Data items
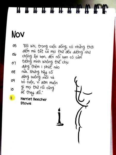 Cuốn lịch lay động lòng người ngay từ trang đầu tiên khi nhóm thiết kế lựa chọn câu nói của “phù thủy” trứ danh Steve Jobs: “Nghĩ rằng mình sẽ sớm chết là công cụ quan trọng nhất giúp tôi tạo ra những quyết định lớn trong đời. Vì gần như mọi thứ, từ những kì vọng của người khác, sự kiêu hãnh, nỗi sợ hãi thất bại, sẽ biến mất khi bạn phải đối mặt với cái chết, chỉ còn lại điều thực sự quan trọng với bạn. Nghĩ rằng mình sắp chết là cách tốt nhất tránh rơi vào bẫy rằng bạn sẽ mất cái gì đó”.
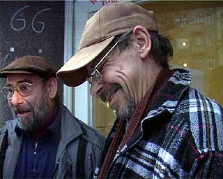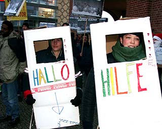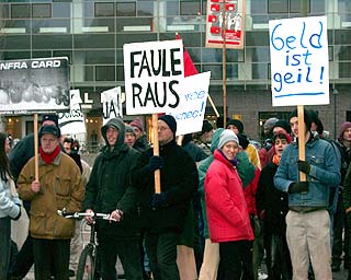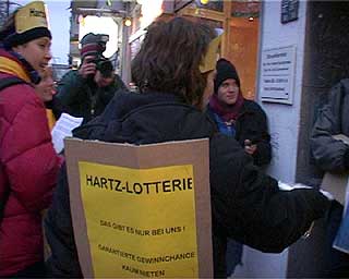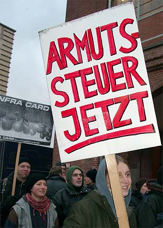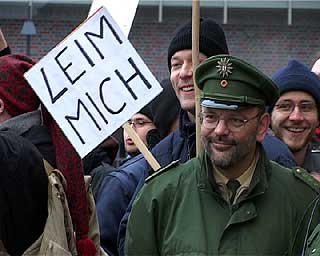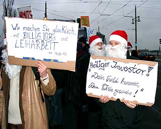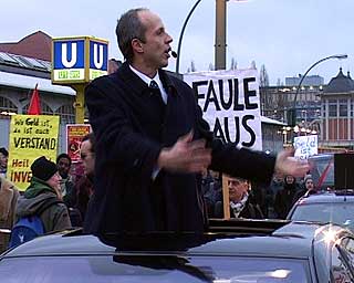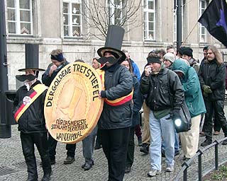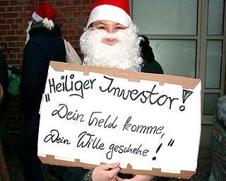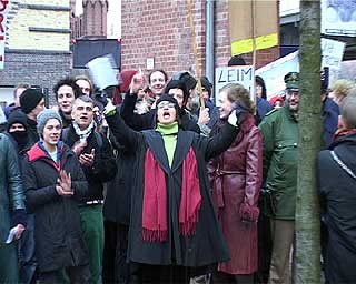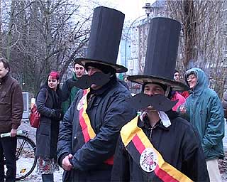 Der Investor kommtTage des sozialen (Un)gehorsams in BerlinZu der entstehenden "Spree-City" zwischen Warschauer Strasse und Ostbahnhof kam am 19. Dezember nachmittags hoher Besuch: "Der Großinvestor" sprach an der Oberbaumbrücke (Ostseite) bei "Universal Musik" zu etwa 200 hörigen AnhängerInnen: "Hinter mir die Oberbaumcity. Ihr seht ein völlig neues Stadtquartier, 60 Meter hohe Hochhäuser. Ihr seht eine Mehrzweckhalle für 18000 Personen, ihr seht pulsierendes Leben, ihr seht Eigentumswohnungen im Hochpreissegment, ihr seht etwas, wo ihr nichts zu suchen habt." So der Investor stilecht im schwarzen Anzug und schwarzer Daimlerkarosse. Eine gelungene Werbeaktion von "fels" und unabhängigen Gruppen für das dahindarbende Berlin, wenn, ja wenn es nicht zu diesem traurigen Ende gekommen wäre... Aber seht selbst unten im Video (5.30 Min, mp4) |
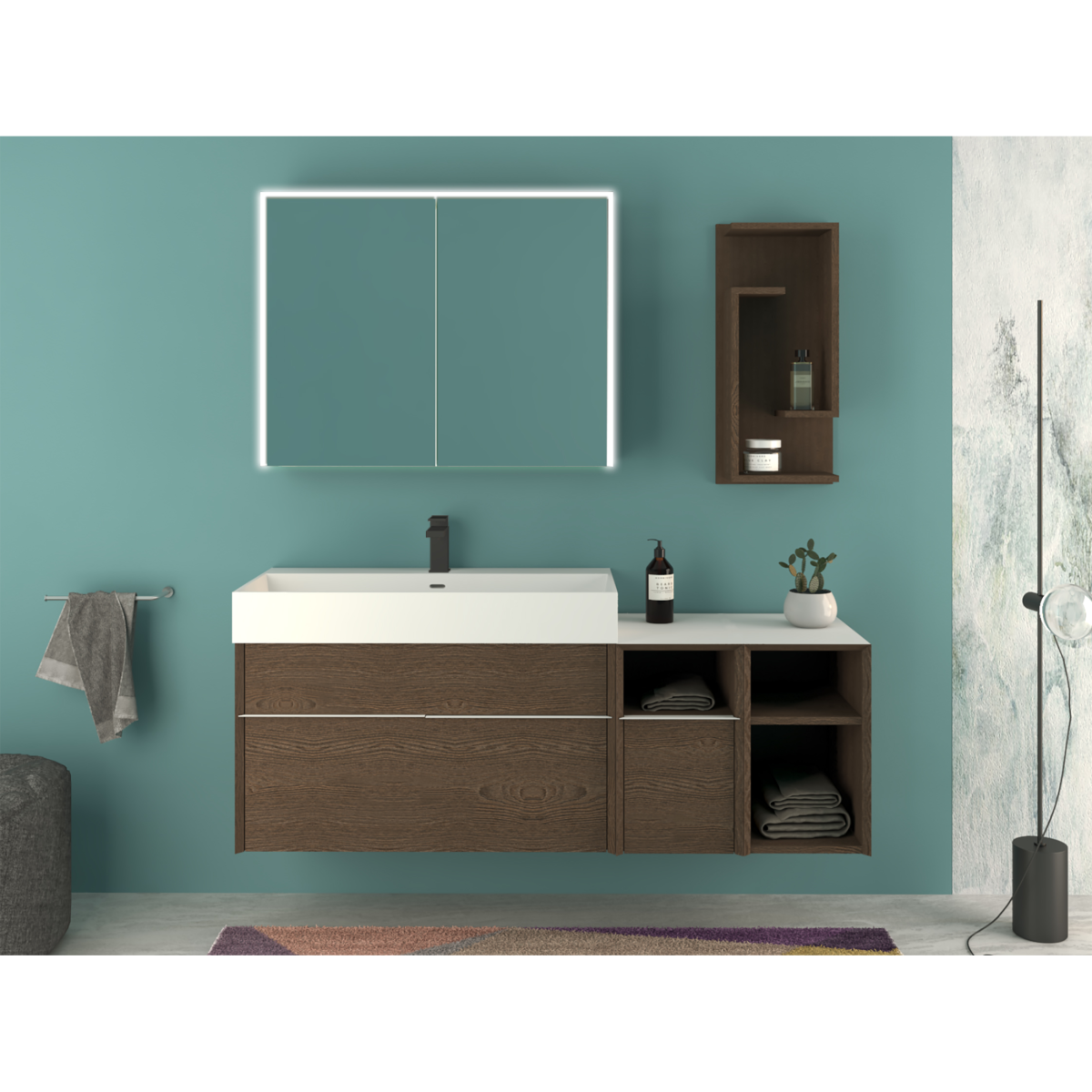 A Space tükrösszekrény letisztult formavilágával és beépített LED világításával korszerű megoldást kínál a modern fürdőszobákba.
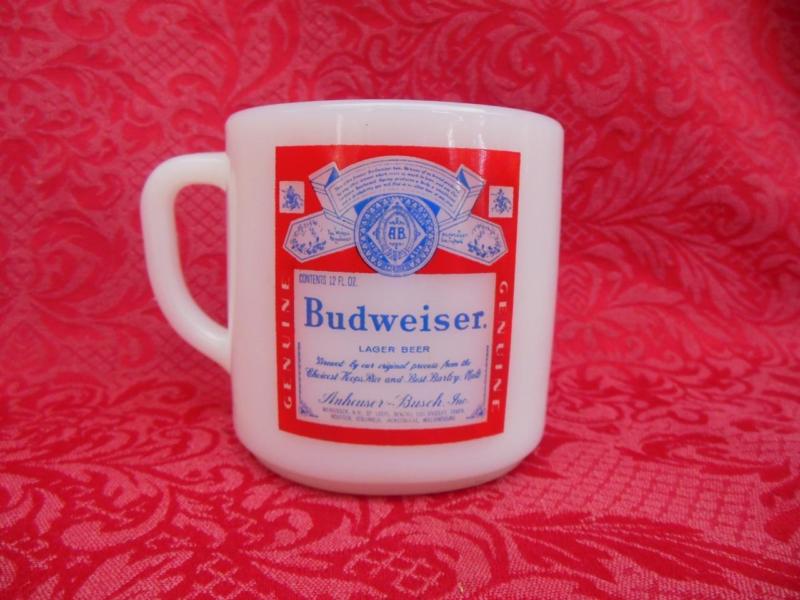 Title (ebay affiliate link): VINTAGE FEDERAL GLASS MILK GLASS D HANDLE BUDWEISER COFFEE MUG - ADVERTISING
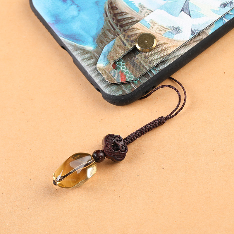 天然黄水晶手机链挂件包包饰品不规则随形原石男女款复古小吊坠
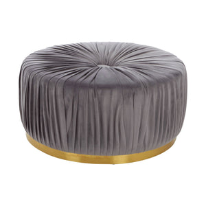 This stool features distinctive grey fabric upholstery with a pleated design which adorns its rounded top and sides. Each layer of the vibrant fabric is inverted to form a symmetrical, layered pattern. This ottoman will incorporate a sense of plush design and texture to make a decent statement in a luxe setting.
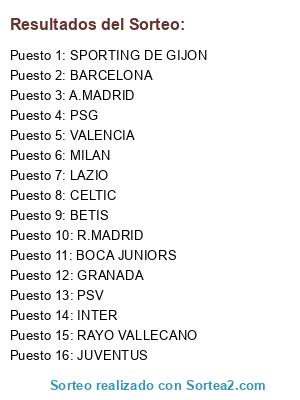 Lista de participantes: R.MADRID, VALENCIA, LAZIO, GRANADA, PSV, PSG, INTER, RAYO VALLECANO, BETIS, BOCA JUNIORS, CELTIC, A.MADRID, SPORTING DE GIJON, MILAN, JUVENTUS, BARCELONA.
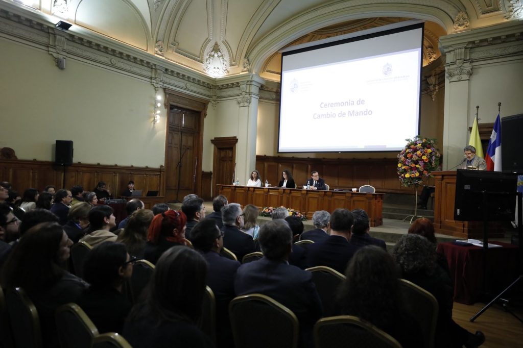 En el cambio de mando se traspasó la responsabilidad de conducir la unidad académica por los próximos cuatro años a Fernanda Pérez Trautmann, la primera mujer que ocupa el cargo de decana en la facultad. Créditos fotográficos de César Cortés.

> [Work request]
From the first line of the entries above down to the line holding "MILAN, JUVENTUS, BARCELONA.", quote each line exactly and nothing else, skipping pictures.

> [Your response]
 Cuốn lịch lay động lòng người ngay từ trang đầu tiên khi nhóm thiết kế lựa chọn câu nói của “phù thủy” trứ danh Steve Jobs: “Nghĩ rằng mình sẽ sớm chết là công cụ quan trọng nhất giúp tôi tạo ra những quyết định lớn trong đời. Vì gần như mọi thứ, từ những kì vọng của người khác, sự kiêu hãnh, nỗi sợ hãi thất bại, sẽ biến mất khi bạn phải đối mặt với cái chết, chỉ còn lại điều thực sự quan trọng với bạn. Nghĩ rằng mình sắp chết là cách tốt nhất tránh rơi vào bẫy rằng bạn sẽ mất cái gì đó”.
 Der Investor kommtTage des sozialen (Un)gehorsams in BerlinZu der entstehenden "Spree-City" zwischen Warschauer Strasse und Ostbahnhof kam am 19. Dezember nachmittags hoher Besuch: "Der Großinvestor" sprach an der Oberbaumbrücke (Ostseite) bei "Universal Musik" zu etwa 200 hörigen AnhängerInnen: "Hinter mir die Oberbaumcity. Ihr seht ein völlig neues Stadtquartier, 60 Meter hohe Hochhäuser. Ihr seht eine Mehrzweckhalle für 18000 Personen, ihr seht pulsierendes Leben, ihr seht Eigentumswohnungen im Hochpreissegment, ihr seht etwas, wo ihr nichts zu suchen habt." So der Investor stilecht im schwarzen Anzug und schwarzer Daimlerkarosse. Eine gelungene Werbeaktion von "fels" und unabhängigen Gruppen für das dahindarbende Berlin, wenn, ja wenn es nicht zu diesem traurigen Ende gekommen wäre... Aber seht selbst unten im Video (5.30 Min, mp4) |
 A Space tükrösszekrény letisztult formavilágával és beépített LED világításával korszerű megoldást kínál a modern fürdőszobákba.
 Title (ebay affiliate link): VINTAGE FEDERAL GLASS MILK GLASS D HANDLE BUDWEISER COFFEE MUG - ADVERTISING
 天然黄水晶手机链挂件包包饰品不规则随形原石男女款复古小吊坠
 This stool features distinctive grey fabric upholstery with a pleated design which adorns its rounded top and sides. Each layer of the vibrant fabric is inverted to form a symmetrical, layered pattern. This ottoman will incorporate a sense of plush design and texture to make a decent statement in a luxe setting.
 Lista de participantes: R.MADRID, VALENCIA, LAZIO, GRANADA, PSV, PSG, INTER, RAYO VALLECANO, BETIS, BOCA JUNIORS, CELTIC, A.MADRID, SPORTING DE GIJON, MILAN, JUVENTUS, BARCELONA.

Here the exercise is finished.